## Supplied data:
* * * *

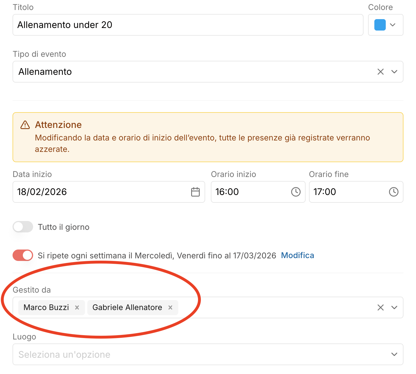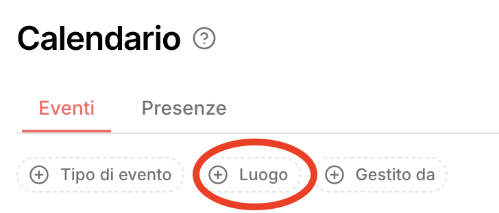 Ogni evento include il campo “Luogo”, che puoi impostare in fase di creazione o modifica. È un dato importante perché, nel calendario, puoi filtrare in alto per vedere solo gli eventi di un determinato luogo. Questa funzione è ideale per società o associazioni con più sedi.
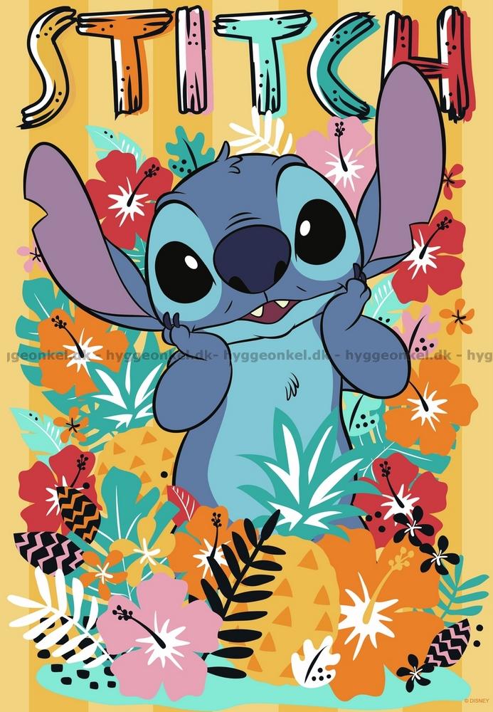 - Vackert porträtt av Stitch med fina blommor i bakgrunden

* * * *

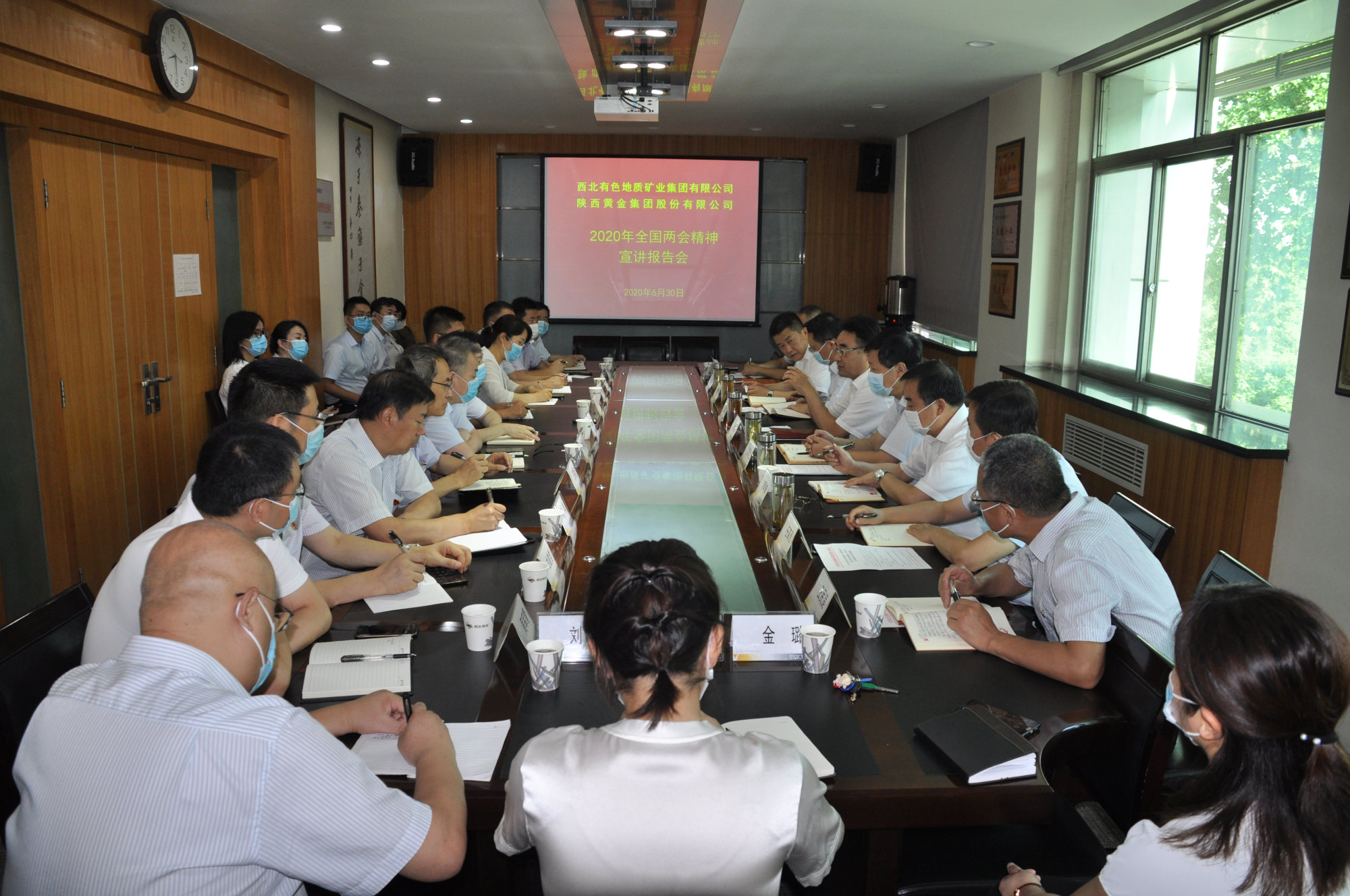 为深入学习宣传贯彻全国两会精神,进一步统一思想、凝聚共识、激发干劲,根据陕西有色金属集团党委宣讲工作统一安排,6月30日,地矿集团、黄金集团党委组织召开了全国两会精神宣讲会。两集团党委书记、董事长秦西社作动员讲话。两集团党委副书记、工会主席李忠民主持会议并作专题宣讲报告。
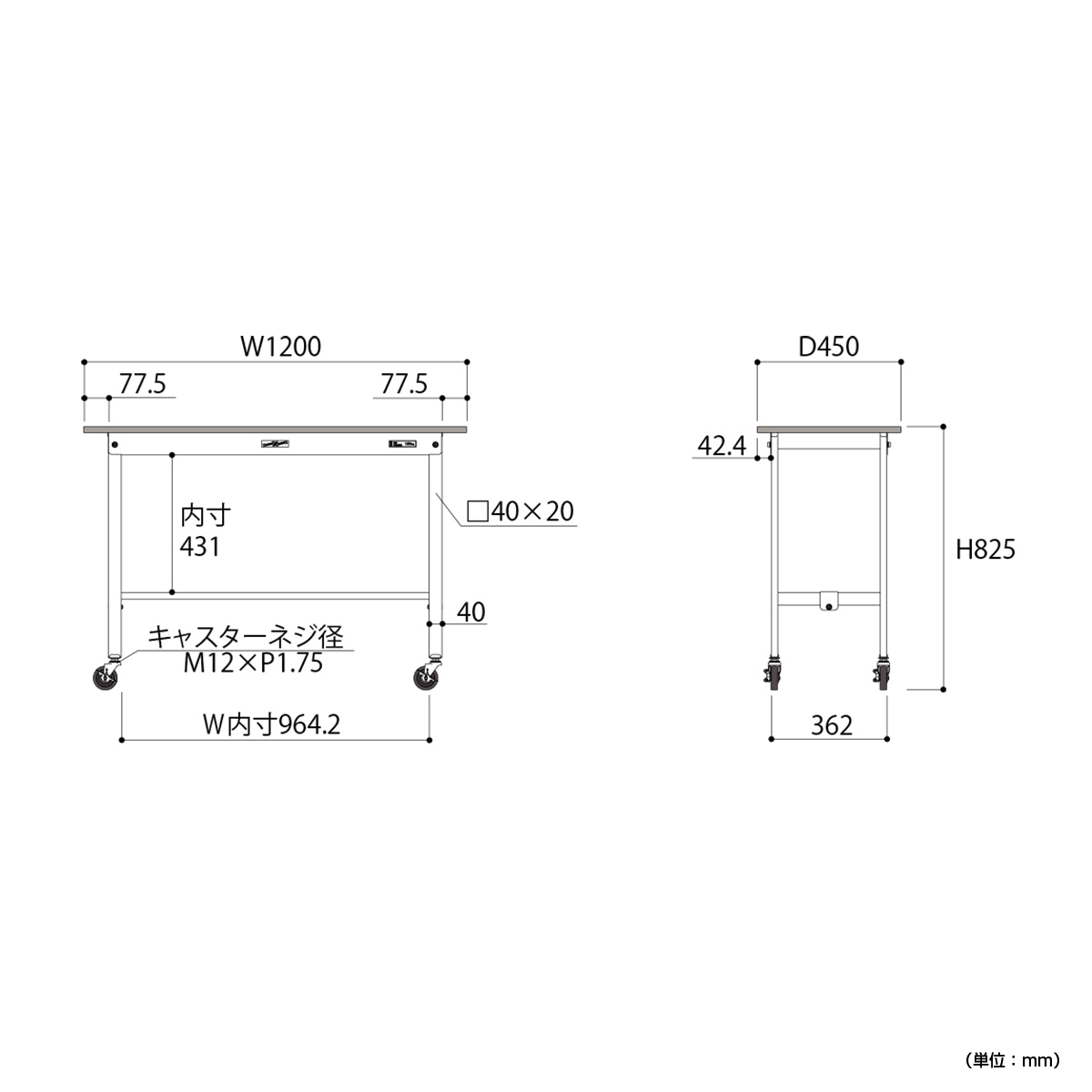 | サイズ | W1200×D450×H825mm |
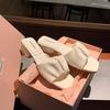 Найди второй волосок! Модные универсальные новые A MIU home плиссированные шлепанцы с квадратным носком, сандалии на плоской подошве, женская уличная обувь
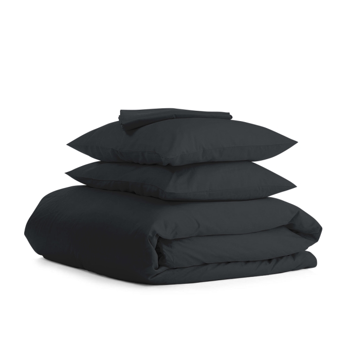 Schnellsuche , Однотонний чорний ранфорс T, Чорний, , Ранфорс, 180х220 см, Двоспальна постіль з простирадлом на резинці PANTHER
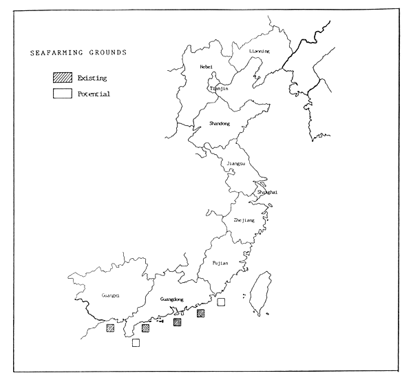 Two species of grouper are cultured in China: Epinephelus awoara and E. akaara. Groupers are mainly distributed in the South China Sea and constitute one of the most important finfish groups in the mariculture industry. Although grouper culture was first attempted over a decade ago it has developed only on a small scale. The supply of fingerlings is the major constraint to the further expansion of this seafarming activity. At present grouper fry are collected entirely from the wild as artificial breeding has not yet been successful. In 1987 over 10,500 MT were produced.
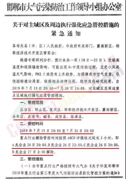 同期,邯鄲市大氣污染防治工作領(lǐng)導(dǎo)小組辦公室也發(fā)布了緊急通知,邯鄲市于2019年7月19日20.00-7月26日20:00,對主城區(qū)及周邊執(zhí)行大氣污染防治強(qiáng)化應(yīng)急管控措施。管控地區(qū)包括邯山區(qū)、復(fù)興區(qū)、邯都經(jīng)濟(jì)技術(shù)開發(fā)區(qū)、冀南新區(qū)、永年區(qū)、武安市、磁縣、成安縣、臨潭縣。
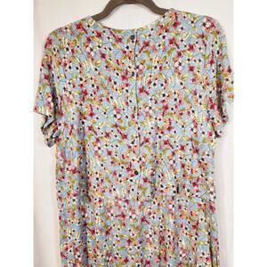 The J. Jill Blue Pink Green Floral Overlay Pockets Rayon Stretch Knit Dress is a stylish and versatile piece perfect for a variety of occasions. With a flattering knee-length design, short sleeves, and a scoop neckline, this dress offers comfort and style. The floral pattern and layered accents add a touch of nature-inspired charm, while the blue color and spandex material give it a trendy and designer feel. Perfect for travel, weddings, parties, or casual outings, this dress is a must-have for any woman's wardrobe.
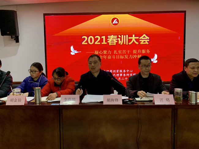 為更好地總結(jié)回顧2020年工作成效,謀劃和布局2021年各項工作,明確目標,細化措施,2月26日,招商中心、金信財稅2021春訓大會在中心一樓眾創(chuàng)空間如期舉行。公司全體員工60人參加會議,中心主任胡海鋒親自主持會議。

* * * *

## What you have to do:
Starting at the line above that holds "Ogni evento include", return each line up to and including the one that holds "- Vackert porträtt", exactly as written, minus any pictures.

## Output of the task:
 Ogni evento include il campo “Luogo”, che puoi impostare in fase di creazione o modifica. È un dato importante perché, nel calendario, puoi filtrare in alto per vedere solo gli eventi di un determinato luogo. Questa funzione è ideale per società o associazioni con più sedi.
 - Vackert porträtt av Stitch med fina blommor i bakgrunden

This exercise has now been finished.